Extract the log of exercise so that it can be analysed further down the line. This way we can monitor exercise frequncy and check for improvements or changes. But first lets cehck the dates we still need to run:

In [25]:
ex_comp = pd.read_csv('./Outputs/exercise.csv')
temps = ex_comp.iloc[-1]['lastModified'][0:10]
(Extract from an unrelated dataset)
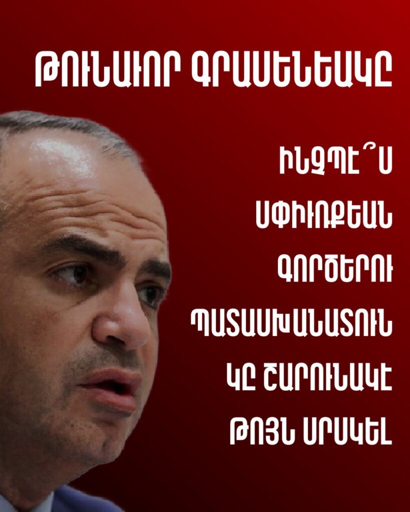 Այն գրասենյակը, որը պետք է զբաղվեր մշակութային ժառանգության պահպանմամբ, Հայոց ցեղասպանության միջազգային ճանաչմամբ և հայրենադարձության խթանմամբ, այսօր՝ Փաշինյանի ղեկավարությամբ և Սինանյանի կամակատարությամբ, վերածվել է պետական բյուջեից սնվող ապատեղեկատվության կենտրոնի։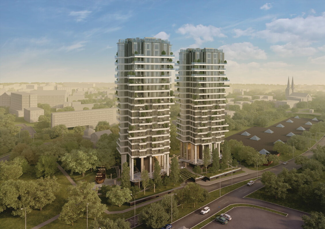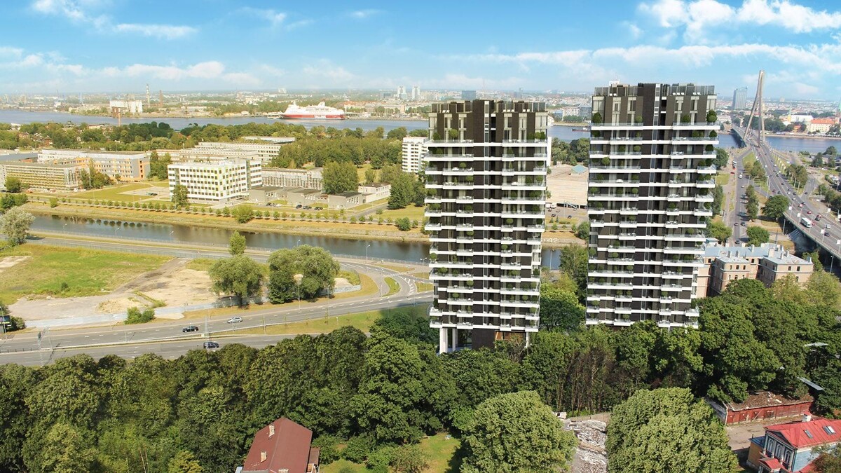 Авторами проекта зданий является SIA Arhis arhitekti под руководством архитектора Андриса Кронбергса, строительные работы производит SIA VELVE. Отделку фасада здания изготовят из керамического материала, которому присущи свойства самоочищения. В проекте предусмотрены нетипично высокие потолки: в квартирах до 10 этажа высота потолков составит 2,91 метра, с 11 этажа – 3,11 метра, а в гостиных квартир на верхних этажах высота потолков будет достигать 6,75 метров.

d1 = date(int(temps[0:4]), int(temps[5:7]), int(temps[8:10]))    # start date
d2 = datetime.datetime.today().date() - timedelta(1) 
delta = (d2) - (d1) 

ex_dates_list = []
for i in range(delta.days + 1): ex_dates_list.append(d1 + timedelta(i))

print('Range of dates selected:', delta, 'from',  d1, 'to', d2)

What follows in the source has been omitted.